* Aim of the task *
In the entries that follow, find the line containing "A. A new customer" and the line containing "This King fedora", then copy exactly everything from the first through the second except the pictures.

* The input *
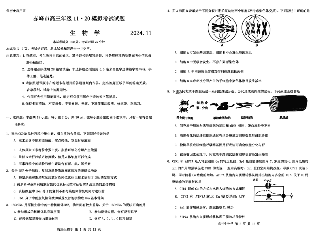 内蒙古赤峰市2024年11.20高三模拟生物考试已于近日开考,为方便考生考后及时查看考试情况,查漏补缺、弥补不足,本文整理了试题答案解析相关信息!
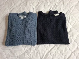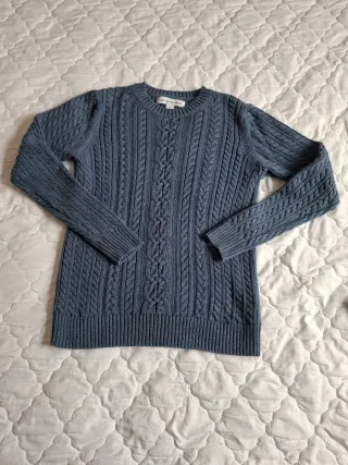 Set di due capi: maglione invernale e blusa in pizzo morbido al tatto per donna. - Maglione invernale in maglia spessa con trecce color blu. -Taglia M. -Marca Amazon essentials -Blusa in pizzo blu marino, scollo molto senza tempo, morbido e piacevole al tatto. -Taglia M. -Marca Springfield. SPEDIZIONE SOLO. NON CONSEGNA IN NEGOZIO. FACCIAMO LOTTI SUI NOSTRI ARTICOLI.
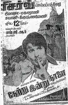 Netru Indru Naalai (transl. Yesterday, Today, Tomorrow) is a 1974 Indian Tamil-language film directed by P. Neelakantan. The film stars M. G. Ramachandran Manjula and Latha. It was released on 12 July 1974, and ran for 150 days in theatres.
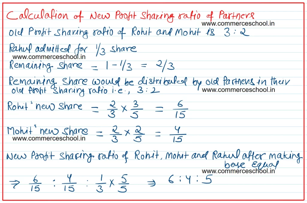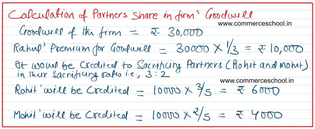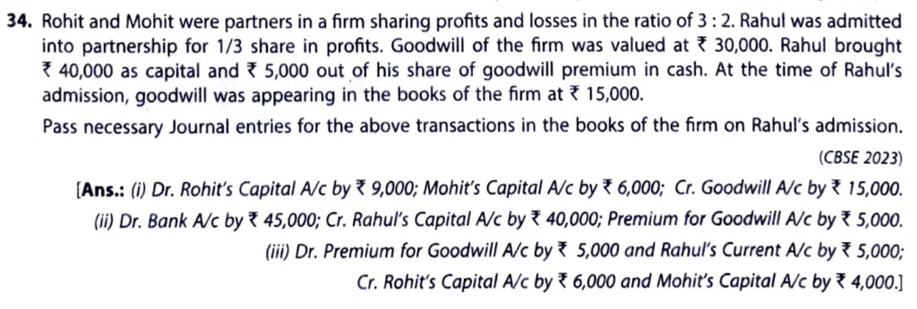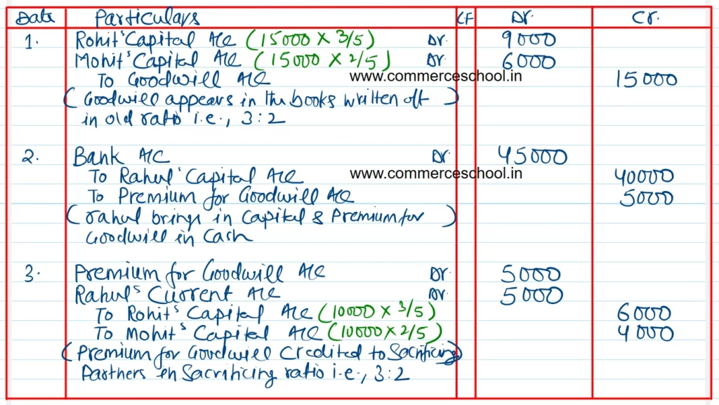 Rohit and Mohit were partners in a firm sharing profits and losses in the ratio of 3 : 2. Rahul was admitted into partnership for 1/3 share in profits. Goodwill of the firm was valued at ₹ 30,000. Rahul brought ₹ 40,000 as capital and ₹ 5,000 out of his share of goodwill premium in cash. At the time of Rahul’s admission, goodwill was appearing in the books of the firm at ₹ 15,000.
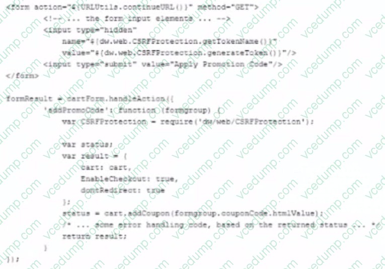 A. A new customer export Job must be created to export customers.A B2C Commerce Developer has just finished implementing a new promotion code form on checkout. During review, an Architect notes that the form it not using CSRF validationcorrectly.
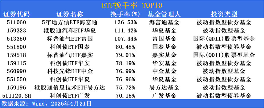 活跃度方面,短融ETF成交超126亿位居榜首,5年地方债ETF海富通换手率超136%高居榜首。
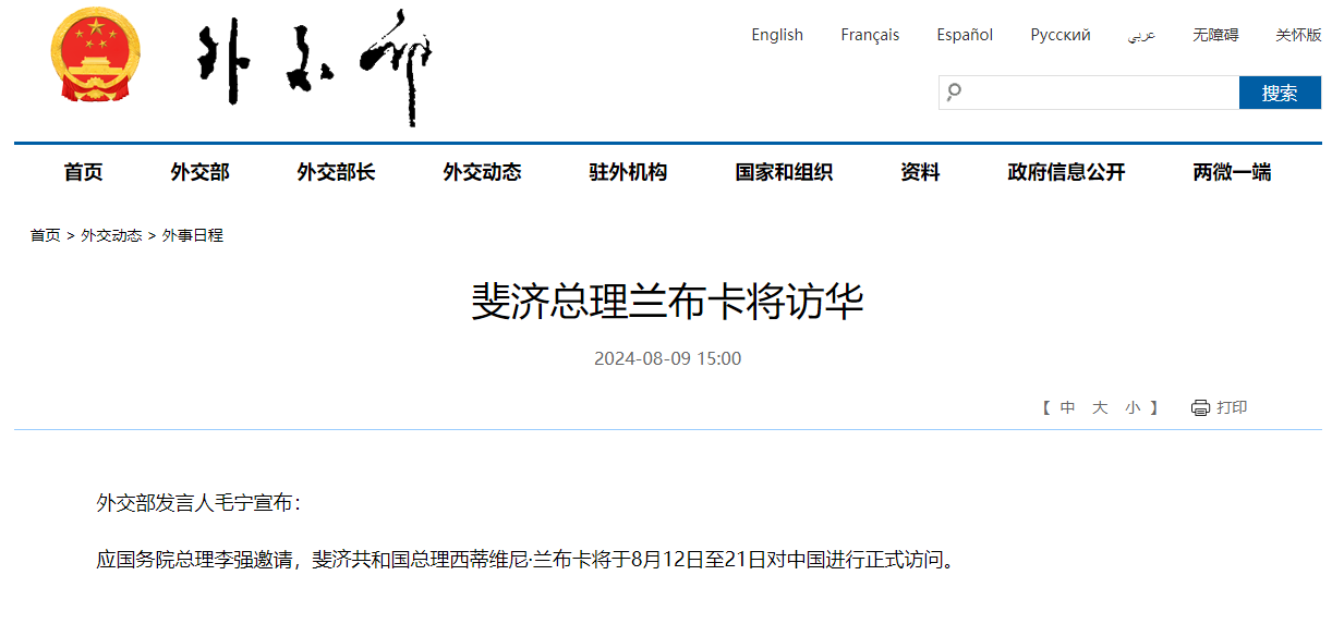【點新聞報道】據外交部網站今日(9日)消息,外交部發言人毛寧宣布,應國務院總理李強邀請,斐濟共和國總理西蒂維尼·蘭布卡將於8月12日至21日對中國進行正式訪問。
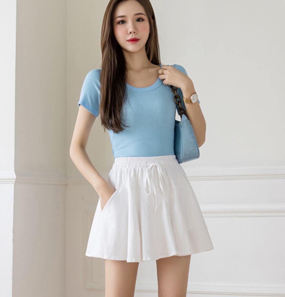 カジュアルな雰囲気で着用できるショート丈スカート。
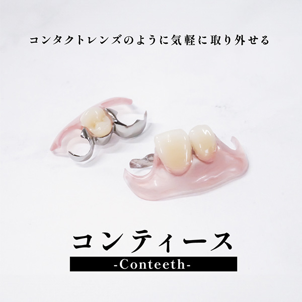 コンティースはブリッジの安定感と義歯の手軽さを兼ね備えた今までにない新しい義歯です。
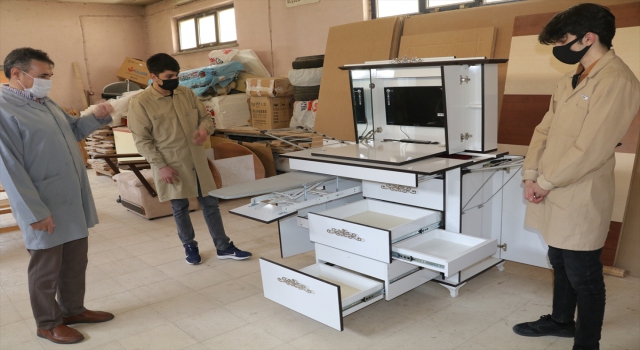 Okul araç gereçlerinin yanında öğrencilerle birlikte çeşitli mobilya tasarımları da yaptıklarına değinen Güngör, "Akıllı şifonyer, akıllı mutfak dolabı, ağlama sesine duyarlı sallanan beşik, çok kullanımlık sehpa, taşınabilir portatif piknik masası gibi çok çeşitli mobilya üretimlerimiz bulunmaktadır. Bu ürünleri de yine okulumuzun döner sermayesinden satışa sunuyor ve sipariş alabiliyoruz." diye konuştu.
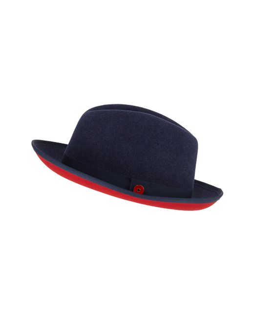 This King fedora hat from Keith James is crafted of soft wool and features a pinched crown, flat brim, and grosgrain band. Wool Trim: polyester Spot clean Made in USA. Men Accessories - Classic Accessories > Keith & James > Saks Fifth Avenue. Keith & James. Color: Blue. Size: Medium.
* * *
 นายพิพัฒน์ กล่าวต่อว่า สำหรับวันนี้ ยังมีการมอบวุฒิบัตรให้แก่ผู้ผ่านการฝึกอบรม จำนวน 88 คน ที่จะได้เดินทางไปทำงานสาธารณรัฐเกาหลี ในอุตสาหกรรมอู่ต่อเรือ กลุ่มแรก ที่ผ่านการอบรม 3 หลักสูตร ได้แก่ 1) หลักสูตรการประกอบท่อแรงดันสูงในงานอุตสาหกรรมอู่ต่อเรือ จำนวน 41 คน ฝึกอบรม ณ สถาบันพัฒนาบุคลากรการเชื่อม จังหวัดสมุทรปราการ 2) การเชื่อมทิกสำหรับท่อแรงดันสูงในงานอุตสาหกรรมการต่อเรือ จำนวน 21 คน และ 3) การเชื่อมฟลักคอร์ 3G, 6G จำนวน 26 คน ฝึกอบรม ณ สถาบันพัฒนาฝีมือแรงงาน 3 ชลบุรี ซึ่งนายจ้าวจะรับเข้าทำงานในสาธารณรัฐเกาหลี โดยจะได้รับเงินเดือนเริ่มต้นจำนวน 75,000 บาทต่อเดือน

* Output below *
 A. A new customer export Job must be created to export customers.A B2C Commerce Developer has just finished implementing a new promotion code form on checkout. During review, an Architect notes that the form it not using CSRF validationcorrectly.
 活跃度方面,短融ETF成交超126亿位居榜首,5年地方债ETF海富通换手率超136%高居榜首。
【點新聞報道】據外交部網站今日(9日)消息,外交部發言人毛寧宣布,應國務院總理李強邀請,斐濟共和國總理西蒂維尼·蘭布卡將於8月12日至21日對中國進行正式訪問。
 カジュアルな雰囲気で着用できるショート丈スカート。
 コンティースはブリッジの安定感と義歯の手軽さを兼ね備えた今までにない新しい義歯です。
 Okul araç gereçlerinin yanında öğrencilerle birlikte çeşitli mobilya tasarımları da yaptıklarına değinen Güngör, "Akıllı şifonyer, akıllı mutfak dolabı, ağlama sesine duyarlı sallanan beşik, çok kullanımlık sehpa, taşınabilir portatif piknik masası gibi çok çeşitli mobilya üretimlerimiz bulunmaktadır. Bu ürünleri de yine okulumuzun döner sermayesinden satışa sunuyor ve sipariş alabiliyoruz." diye konuştu.
 This King fedora hat from Keith James is crafted of soft wool and features a pinched crown, flat brim, and grosgrain band. Wool Trim: polyester Spot clean Made in USA. Men Accessories - Classic Accessories > Keith & James > Saks Fifth Avenue. Keith & James. Color: Blue. Size: Medium.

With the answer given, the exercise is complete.